As social web sites have exploded, neighborhoods have taken advantage by using various sites such as Facebook and NeighborhoodLink.com to connect and communicate.

An alternative site, Nextdoor.com, launched in October 2011 and has attracted about three dozen neighborhoods in Colorado Springs.

It differs from other sites I’ve seen primarily in its commitment to protecting the privacy of its members from search engines and trollers.

I heard about it, ironically, from a Facebook friend, Nicole Cumings GuBrath, who created a Nextdoor site in late October for her Cragmor neighborhood of about 1,500 homes.

“I’ve finally met some neighbors who have lived nearby for years,” she said at the time.

Initially, she was very excited. But her enthusiasm has cooled in the following weeks.

One feature of Nextdoor that Nicole really liked was its insistence that members live in the neighborhood, which is bordered by North Nevada Avenue, Austin Bluffs Parkway, Union Boulevard and the Templeton Gap Floodway.

San Francisco-based Nextdoor verifies addresses of originators like Nicole as well as folks invited by postcard or email to join.

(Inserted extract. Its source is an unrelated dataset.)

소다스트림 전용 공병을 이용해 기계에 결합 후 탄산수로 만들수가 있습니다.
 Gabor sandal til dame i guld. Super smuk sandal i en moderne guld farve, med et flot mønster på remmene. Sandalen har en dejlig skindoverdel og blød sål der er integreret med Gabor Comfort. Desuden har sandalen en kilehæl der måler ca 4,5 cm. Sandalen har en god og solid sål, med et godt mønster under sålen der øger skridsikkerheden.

It’s a unique feature that separates Nextdoor from private groups on Facebook and other sites, Nicole said.

Nextdoor requires at least 10 people join before a neighborhood group is established and Nicole initially attracted 19 neighbors.

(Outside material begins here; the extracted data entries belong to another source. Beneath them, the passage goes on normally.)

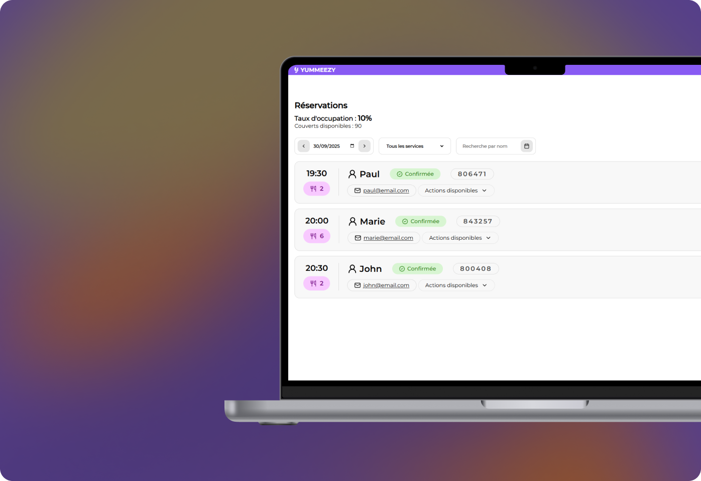 Yummeezy, c’est un module de réservation multilingue affiché sur votre site ou accessible depuis vos réseaux sociaux, et optimisé pour une réservation simple et rapide. Mais aussi, un espace restaurateur vous permettant de consulter et gérer vos réservations, et surtout, de vous apporter de la flexibilité grâce aux paramètres.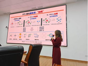王天利教授系统介绍了其团队在构建新型仿生手性肽季鏻盐(PPSs)催化体系解决弱键催化活性及选择性调控方面的研究工作。通过“动态空腔诱导-契合”与“弱键协同”的创新催化协同机制,实现了复杂手性分子的精准合成。该类新型仿生PPS催化剂的创制为结构多样的复杂手性分子的精准合成奠定了基础,为不对称合成化学领域提供了新的思路。本次学术报告盛会,有效激发了我校师生的科研热情与创新意识,对营造浓厚学术氛围、助推化学等学科建设向纵深发展具有重要意义。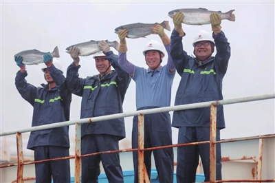 随着指令下达,收鱼工作全面开始。笔者在现场看到工作人员作业热情高涨,他们先用围网聚鱼,一条条肥硕的三文鱼顺着吸鱼管道被传送至养殖工船加工车间。随后,经过电击、割鳃、放血、降温等环节后,捕获的三文鱼被装进转运箱,通过运输船快速送到岸边加工厂,24小时就可以送到消费者的餐桌上,一改我国三文鱼依赖进口、动辄四五天时间跨度的局面。从养殖、捕捞到销售,全程冷链覆盖,最大程度保证了三文鱼肉质的鲜美。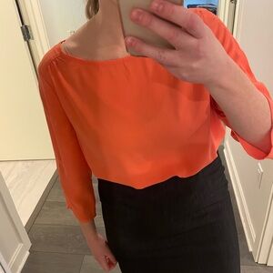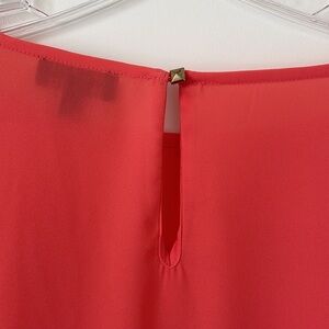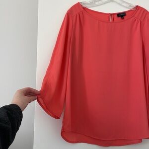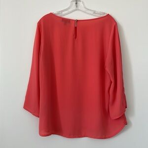 Simple but classic coral/salmon/pinkish top perfect for any occasion. Features a relaxed fit and 3/4 length sleeves. Slightly sheer but not enough for me to wear something underneath it - especially with lighter colored pants. Thin and lays nicely so it’s easy to tuck in. Keyhole opening in the back with a gold stud button. Boatneck.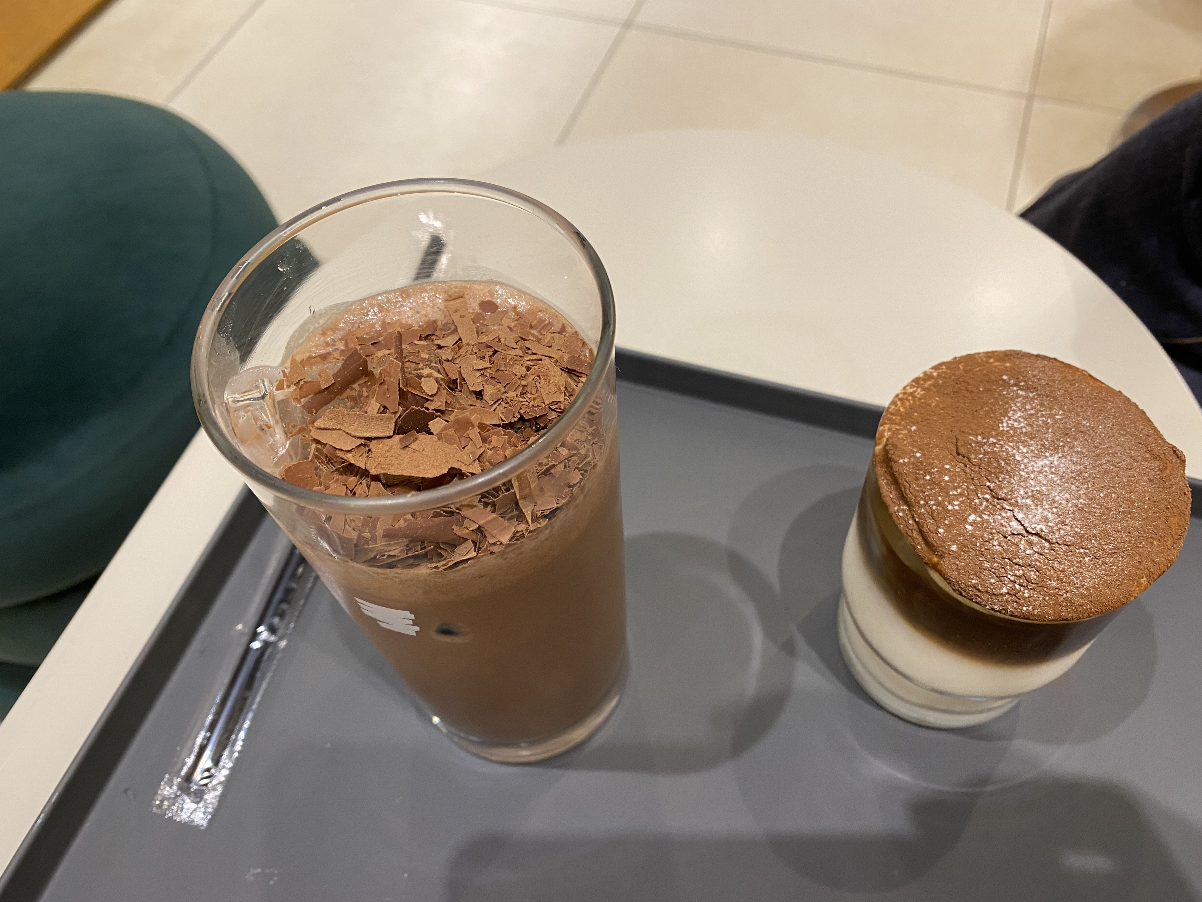 초콜릿을 너무 좋아해서 딥 초콜릿 라떼를 주문했는데 정말 딥해서 그런지 목넘김이 시원한 건 아니네요. 아무리 단 걸 좋아해도 이건 너무 죄책감이 드는 선택이었습니다. 댄싱커피와 조합을 생각하면 아메리카노가 좋을 것 같습니다. 그렇다고 맛이 없다는 소리는 아닙니다. ㅎㅎ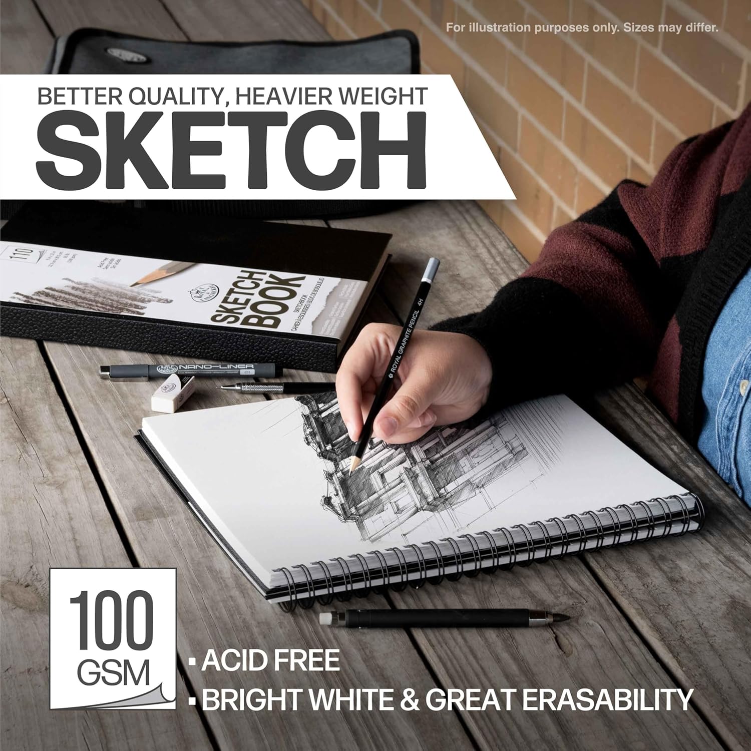 Royal and Langnickel’s sketch paper is a better quality heavier weight paper. Crafted with a light grain and bright white surface, each page offers the perfect texture to hold onto your graphite and make your artwork pop. The great erase ability of this paper ensures that you can sketch and re-sketch without fear of your paper feathering. Perfectly suited for a variety of dry media. This sketchbook is designed for artists of all levels looking to enhance their sketching experience.

Among them was Jill Travis, a friend of Nicole.

“I think it’s an interesting idea,” Jill said. “I appreciated the privacy aspect.”

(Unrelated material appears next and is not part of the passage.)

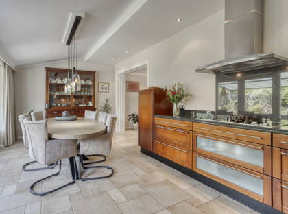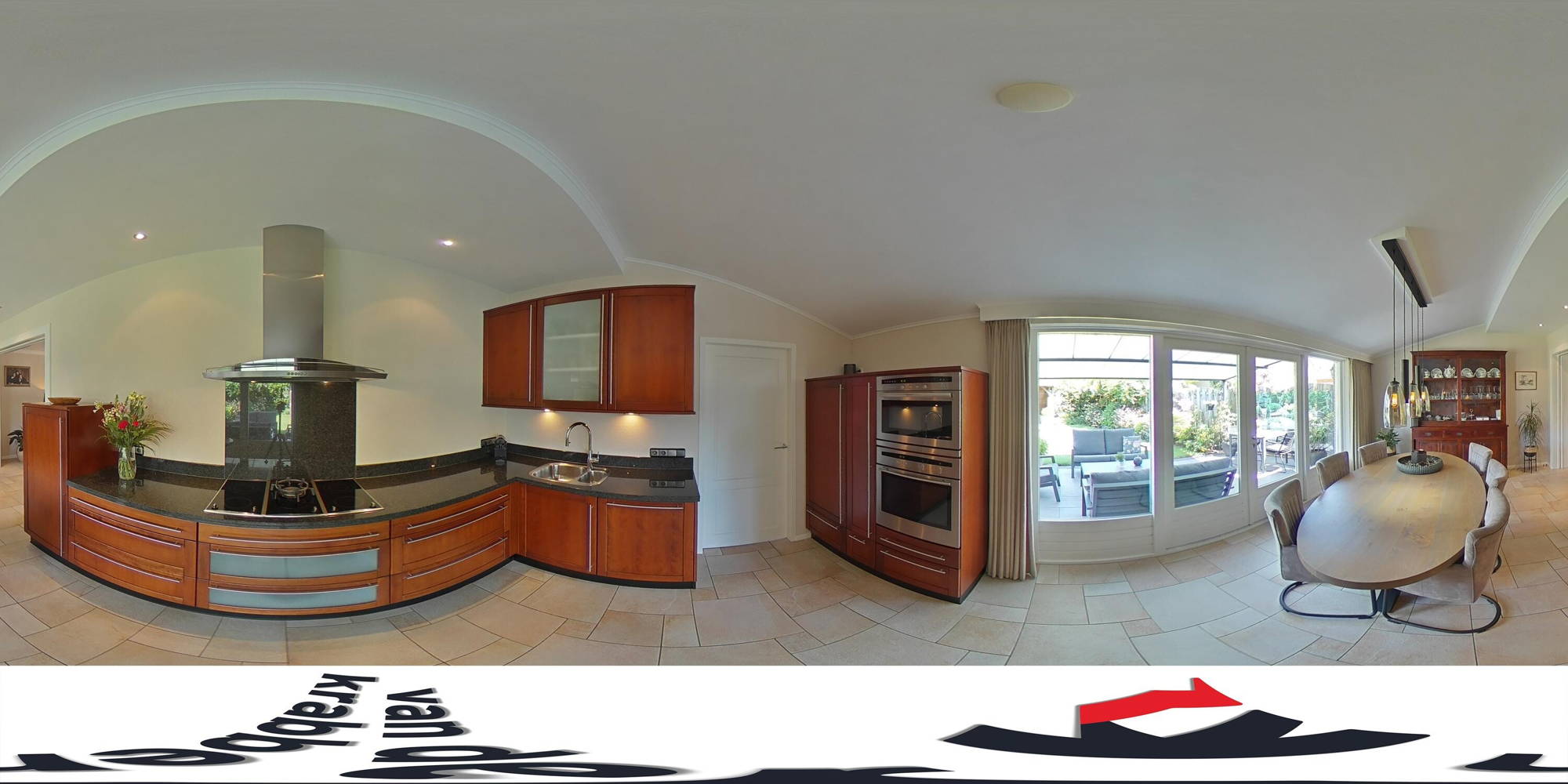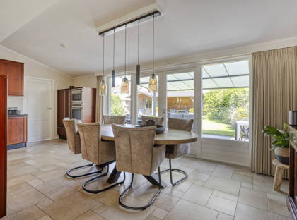 + De uitgebouwde woonkeuken is zeer ruim en luxe uitgevoerd met een granieten werkblad, 5-pits keramische kookplaat met wokbrander, afzuigkap, oven, combi-oven, koelkast, vaatwasser en een Quooker kokendwaterkraan. De tuingerichte keuken heeft daarnaast openslaande deuren naar de achtertuin.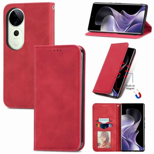 Funda de Cuero con Tapa Magnética y Tacto Retro para Vivo T3 Ultra (Rojo)

Although she hasn’t been terribly active on Nextdoor, Jill said it was handy after thieves recently broke into her car, parked outside her home, and stole her wallet.

“I thought it was a particularly helpful way to alert folks in the neighborhood that my wallet was stolen,” Jill said, adding that another neighbor replied that her car had been broken into as well.

So I tried Nextdoor and created a site for my Rockrimmon neighborhood. I found it a pretty easy process and I was impressed that it let me establish precise borders on my neighborhood.

The key to the process was its requirement that I, as host, identify at least 10 neighbors to invite either by email or postcards that Nextdoor would send.

Nicole said she had Nextdoor send 384 postcards in Cragmor. But the response was disappointing.

“We only have 24 who signed up,” she said. “Not an overwhelming response.

“But I’ve enjoyed meeting everyone.”

She said neighbors talk about community issues. And a real estate agent has been reporting housing sales. She said the hottest topic seems to be property crimes in Cragmor.

“I’m not as enthusiastic as I was a few months ago,” Nicole said. “My overall opinion is that it’s a great idea, but it needs some work.”